Hello Hoang,

exciting

Actually, if you’re already using LAPACK, I doubt there’s much potential

for further optimization on the same platform – if you, however, know

your stuff is going to only be run on Intel Xeons or so, than maybe have

a look at the Intel math kernel library lapack examples. Maybe you’d

want to accelerate by using GPUs, then you’d have a look at OpenCl or

CUDA implementation, or theano (however, I don’t know how readily

available things like SVD are for theano).
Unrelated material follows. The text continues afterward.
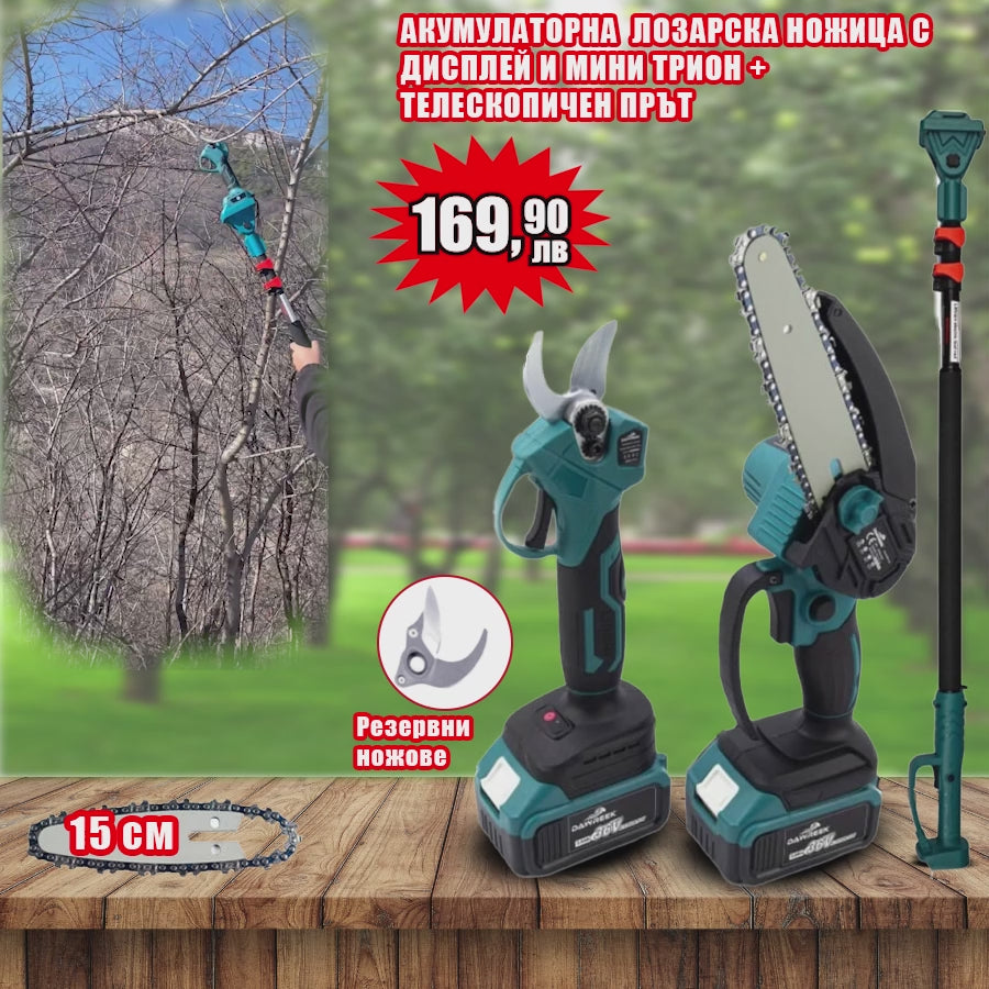- 1бр Акумулаторна Безчеткова Лозарска Ножица

One more thing: Since you’re doing SVD using LAPACK yourself, I trust

you’ve already chosen the right routine (general, fully equipped

complex-valued matrix). I’m not completely convinced, though:

Have you had a look at [1]? It seems SVD $A=V \Sigma U^H$ is a two step

process: First, the input matrix is decomposed into left and right

unitary matrixes $U_1$ and $V_1^H$ and an bidiagonal matrix $B$ using

CGEBRD, and after that, $B$ is SVD’ed, yielding $B=U_2 \Sigma V_2^H$;

the product $V_1 V_2$ then is $V$. Maybe for your application $V1$ is

sufficient, because you can rearrange your problem mathematically?

Greetings,

Marcus

[1] http://www.netlib.org/lapack/lug/node53.html